Saeed Amen, a quant and co-author of The Book of Alternative Data (published in July), describes why the concept of understanding point-in-time data is crucial when it comes to performing historical analysis of the market.
- If data is not recorded point-in-time, we could be using ‘future’ data in our backtest, This will pollute the analysis with hindsight bias, which can artificially make results look better.
- It is crucial to ensure that your data vendor provides point-in-time data. This is particularly the case for datasets that are often subject to revision, such as macroeconomic and company fundamental data.
- Point-in-time recording of data is also a factor to be considered when analyzing alternative datasets.
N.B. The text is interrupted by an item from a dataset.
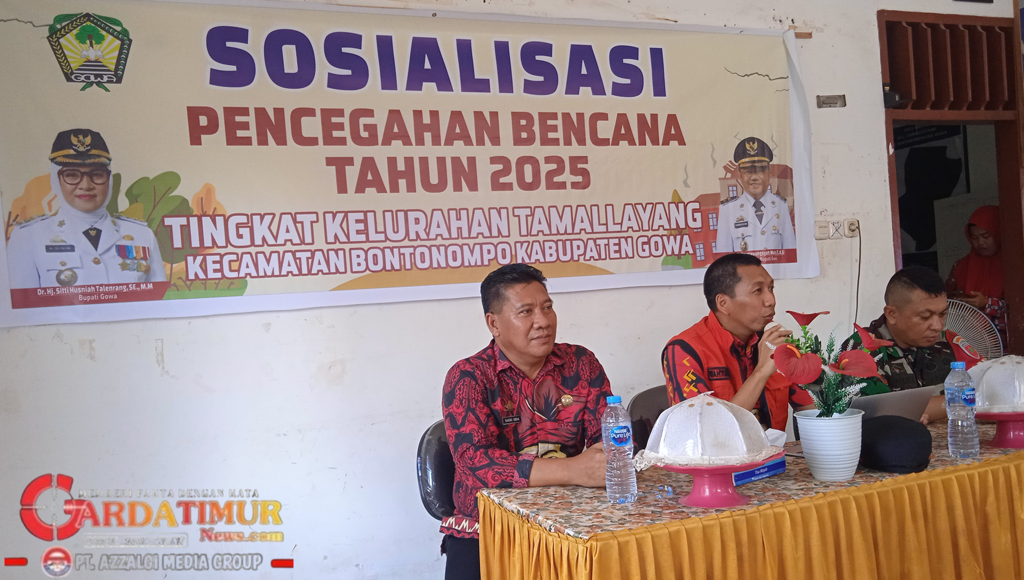 GARDATIMURNEWS.COM || GOWA-Pelaksanaan Sosialisasi Pencegahan Bencana Tingkat Kelurahan Tamallayang Kecamatan Bontonompo,Kamis (18/12/2025) dibuka secara langsung oleh Camat Bontonompo, H Muh Syahrir Salam, S.Ag.,MM. Dalam sambutannya Camat Bontonompo menghimbau kepada lapisan Masyarakat Kelurahan Tamallayang pada Khususnya sebagai Ibu Kota Kecamatan dan Umumnya kepada Masyarakat Kecamatan Bontonompo agar dapat senantiasa memperhatikan adanya tumpukan sampah yang berdampak menyumbat saluran air dan dapat mengakibatkan banjir, termasuk perhatian kepada lapisan masyarakat yang memiliki pohon terlalu rindang dan lebat supaya segera di pangkas untuk menghindari rubuhnya pohon tersebut karena dampak angin kencang dalam musim hujan seperti saat ini.

For more data-driven insights in your Inbox, subscribe to the Refinitiv Perspectives weekly newsletter.
What’s ‘point-in-time’ when it comes to data?
Point-in-time data is a very important consideration when performing any sort of historical market analysis. We can start to illustrate how it works through an example, before digging down in the subject further.
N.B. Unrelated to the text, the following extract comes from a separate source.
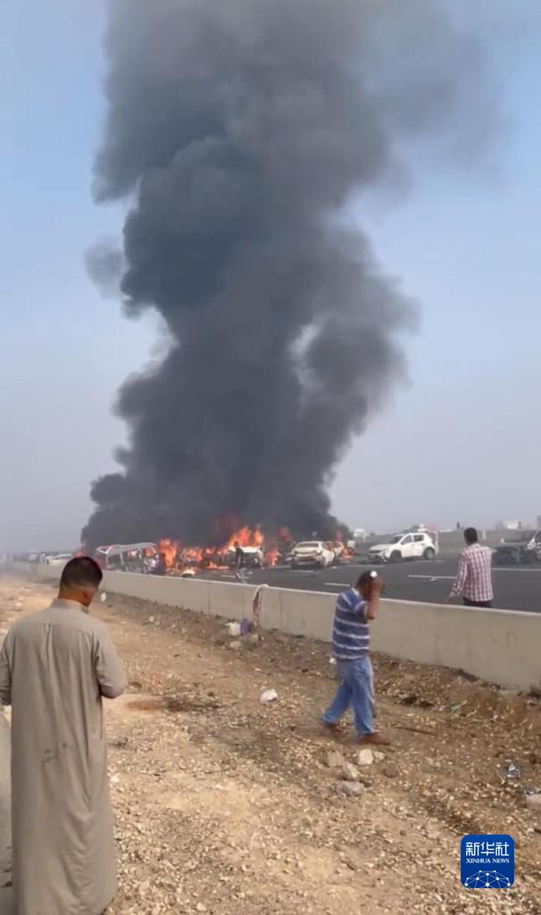 這張來(lái)自社交媒體的照片顯示的是10月28日埃及布海拉省的多車(chē)相撞事故現場(chǎng)。

How is point-in-time data applied to analysis?
Let’s say we are backtesting a trading strategy and we are using the past five years of historical data as our input.
Our model is assumed to trade once a day, at the market close, and we’ll say we are calculating the trading signal for 1 January 2020 in our backtest. At that point, we should only have data for 1 January 2020, 31 December 2019, 30 December 2019 etc.
In other words, our backtest should only see historical data, not any future data. If we know future data, our results are going to look better.
However, using future data makes a strategy untradeable in a live environment.
An example of a very simple untradable trading strategy, which employs a healthy dose of hindsight bias, would use an input of tomorrow’s stock price. The strategy uses tomorrow’s price to determine whether to buy and sell today. If the price goes up tomorrow, assign a signal of ‘buy’ for today. Things are obvious, if you know the outcome.
If we are trading live, we don’t have any crystal ball to see prices from the future. Hence, we can’t download any future data. However, in a backtest it is more tricky to ensure that future data somehow doesn’t seep into our dataset.
In a backtest, we need to avoid loading future prices from our database, whenever doing a calculation. For example, if we are calculating what the trading signal would have been on 1 January 2020, we need to ensure that the price for 2 January 2020 (or indeed any data generated after 1 January 2020) is not used.
If we are not using point-in-time data, we could end up with a backtest that is not properly representative of a strategy’s historical performance. Any subsequent trading decision based on such a backtest could be made as a result of inaccurate data. We could end up investing in a strategy that is not as attractive as our statistical analysis suggests, because of hindsight bias induced by using data which isn’t point-in-time.
Checking data is recorded point-in-time
However, this is not enough. We need to ensure that any data we are using is recorded point-in-time, so that every data point has a timestamp recorded for when it was collected or updated.
We need to inspect this timestamp alongside each data point, so we don’t inadvertently end up using future revisions when backtesting. Macroeconomic and company fundamental datasets, and alternative data (such as machine readable news) more broadly can often be subject to revision many times.
Let’s take a macroeconomic data release, such as Q1 U.S. GDP (i.e. from 1 January – 31 March 2019), which is released several times for the same period:
- Advance GDP estimate: 25 April 2019
- Second GDP estimate: 30 May 2019
- Third GDP estimate: 27 June 2019
If we want to backtest a trading strategy which uses U.S. GDP as an input, we need to make sure that whatever number we are using for U.S. GDP has been collected before our trading date.
For example, we can only use the advance estimate from 25 April onwards in our trading calculations, the second estimate from 30 May onwards, and so on.
How do alternative datasets affect point-in-time?
When using alternative datasets, we must also be aware of the impact of point-in-time issues.
Let’s say we are constructing a dataset that records the car counts of retailer car parks, which involves collecting satellite imagery. We need to be sure that our observations for car counts have the same timestamps as the images we are collecting, and we are not inadvertently using ‘future’ images to backfill our car count dataset.
Point-in-time data enables investors to assess the evolution of a particular data point, rather than just observing the final revised figure in the data history.
As well as being key for performing an accurate and representative backtest, having access to multiple revisions can provide additional inputs for your model. You can consequently go backwards in time to see different revisions of the same data point, together with a timestamp for the release time.
The issue of point-in-time can seem very subtle. However, ignoring it can render historical market analysis unrealistic and result in investors coming to the wrong conclusions. To prevent running into this problem, it’s crucial to make sure that your data vendor offers point-in-time datasets.